▸ **SUPPLIED INFORMATION**
BEGIN
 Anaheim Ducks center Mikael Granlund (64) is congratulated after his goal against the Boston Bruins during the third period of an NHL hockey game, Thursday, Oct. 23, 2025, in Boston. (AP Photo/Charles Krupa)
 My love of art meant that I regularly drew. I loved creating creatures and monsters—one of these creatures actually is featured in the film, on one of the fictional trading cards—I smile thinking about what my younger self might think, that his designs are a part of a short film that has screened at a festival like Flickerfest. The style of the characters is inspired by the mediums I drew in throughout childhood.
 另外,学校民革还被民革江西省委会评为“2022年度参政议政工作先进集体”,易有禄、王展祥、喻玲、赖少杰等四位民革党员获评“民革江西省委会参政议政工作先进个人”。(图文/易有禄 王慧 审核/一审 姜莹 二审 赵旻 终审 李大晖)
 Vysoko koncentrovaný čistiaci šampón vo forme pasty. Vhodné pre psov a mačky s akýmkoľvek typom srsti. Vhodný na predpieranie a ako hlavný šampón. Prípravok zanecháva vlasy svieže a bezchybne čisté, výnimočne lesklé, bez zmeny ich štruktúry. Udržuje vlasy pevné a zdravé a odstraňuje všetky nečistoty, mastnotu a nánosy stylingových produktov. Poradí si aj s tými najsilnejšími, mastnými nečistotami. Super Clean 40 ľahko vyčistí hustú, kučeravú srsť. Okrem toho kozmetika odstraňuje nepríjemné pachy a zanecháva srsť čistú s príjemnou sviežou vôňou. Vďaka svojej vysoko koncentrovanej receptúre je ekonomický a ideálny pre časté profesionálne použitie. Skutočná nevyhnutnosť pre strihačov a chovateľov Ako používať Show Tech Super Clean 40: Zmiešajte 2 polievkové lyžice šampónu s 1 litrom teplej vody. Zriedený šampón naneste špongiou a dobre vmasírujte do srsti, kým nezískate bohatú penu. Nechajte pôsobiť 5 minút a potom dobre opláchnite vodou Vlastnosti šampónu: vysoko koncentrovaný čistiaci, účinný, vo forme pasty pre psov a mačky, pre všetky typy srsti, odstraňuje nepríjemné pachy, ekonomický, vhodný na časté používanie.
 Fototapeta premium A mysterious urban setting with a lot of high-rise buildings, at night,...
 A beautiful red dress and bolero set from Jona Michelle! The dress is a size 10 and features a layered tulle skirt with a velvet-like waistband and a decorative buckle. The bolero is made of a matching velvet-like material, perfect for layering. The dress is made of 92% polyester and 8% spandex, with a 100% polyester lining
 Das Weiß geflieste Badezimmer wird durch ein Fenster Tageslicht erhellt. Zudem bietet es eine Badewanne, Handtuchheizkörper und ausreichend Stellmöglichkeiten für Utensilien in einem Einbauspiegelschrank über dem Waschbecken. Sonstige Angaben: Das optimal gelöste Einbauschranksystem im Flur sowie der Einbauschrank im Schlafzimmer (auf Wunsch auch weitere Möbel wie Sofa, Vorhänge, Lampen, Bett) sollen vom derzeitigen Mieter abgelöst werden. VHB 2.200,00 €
END
BEGIN
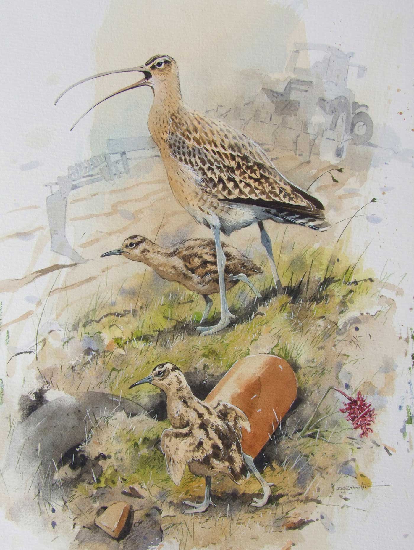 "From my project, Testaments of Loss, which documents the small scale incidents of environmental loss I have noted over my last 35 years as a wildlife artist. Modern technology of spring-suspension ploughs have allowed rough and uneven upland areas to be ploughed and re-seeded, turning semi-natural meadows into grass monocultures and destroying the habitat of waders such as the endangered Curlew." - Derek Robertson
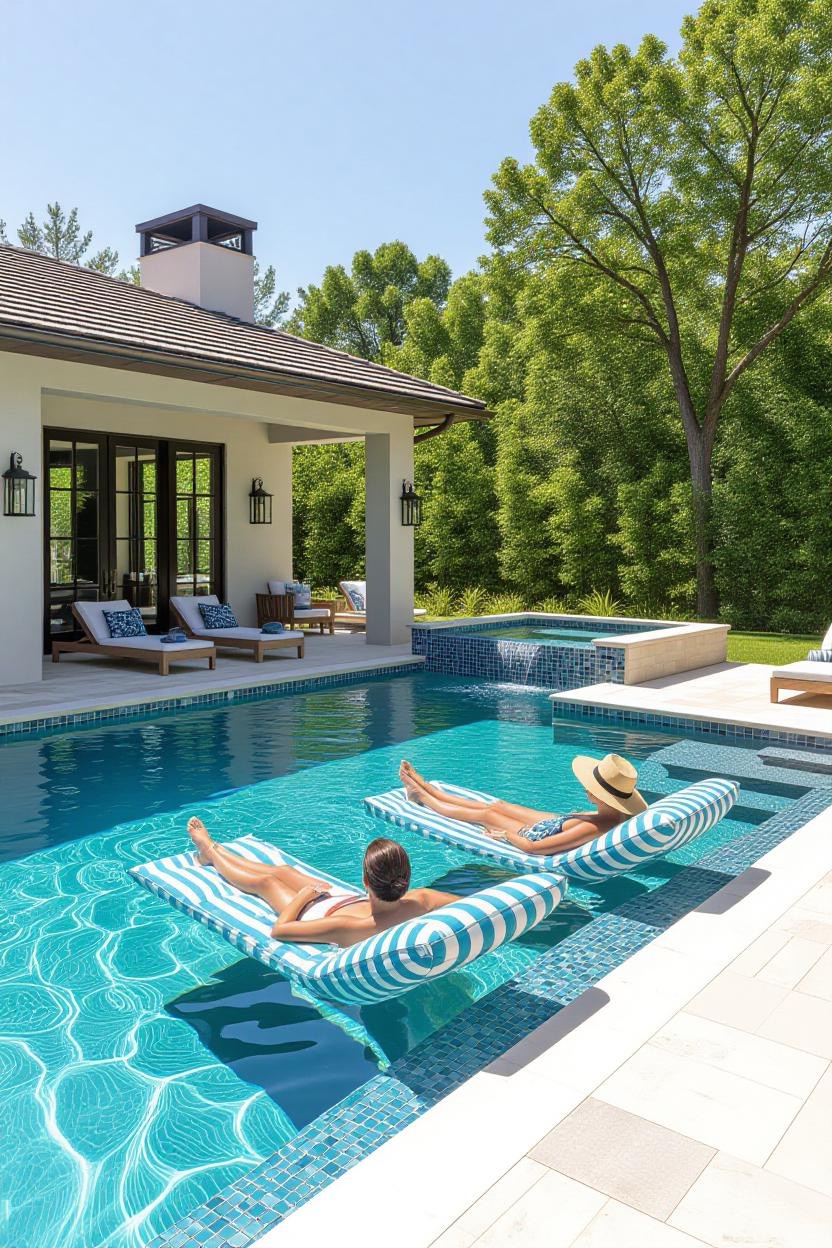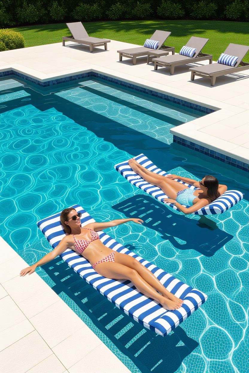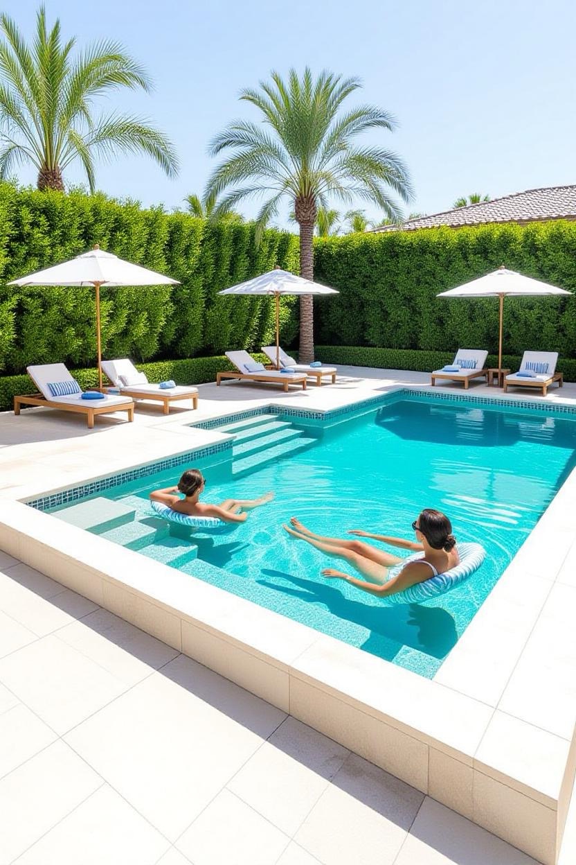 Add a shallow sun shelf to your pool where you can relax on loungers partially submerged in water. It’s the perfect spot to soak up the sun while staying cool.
END
▸ **WHAT YOU SHOULD DO**
Once the line with "A beautiful red" is found in the records above, print exactly that line and every line after it through the line with "Das Weiß geflieste".

▸ **SOLUTION TO THIS EXERCISE**
 A beautiful red dress and bolero set from Jona Michelle! The dress is a size 10 and features a layered tulle skirt with a velvet-like waistband and a decorative buckle. The bolero is made of a matching velvet-like material, perfect for layering. The dress is made of 92% polyester and 8% spandex, with a 100% polyester lining
 Das Weiß geflieste Badezimmer wird durch ein Fenster Tageslicht erhellt. Zudem bietet es eine Badewanne, Handtuchheizkörper und ausreichend Stellmöglichkeiten für Utensilien in einem Einbauspiegelschrank über dem Waschbecken. Sonstige Angaben: Das optimal gelöste Einbauschranksystem im Flur sowie der Einbauschrank im Schlafzimmer (auf Wunsch auch weitere Möbel wie Sofa, Vorhänge, Lampen, Bett) sollen vom derzeitigen Mieter abgelöst werden. VHB 2.200,00 €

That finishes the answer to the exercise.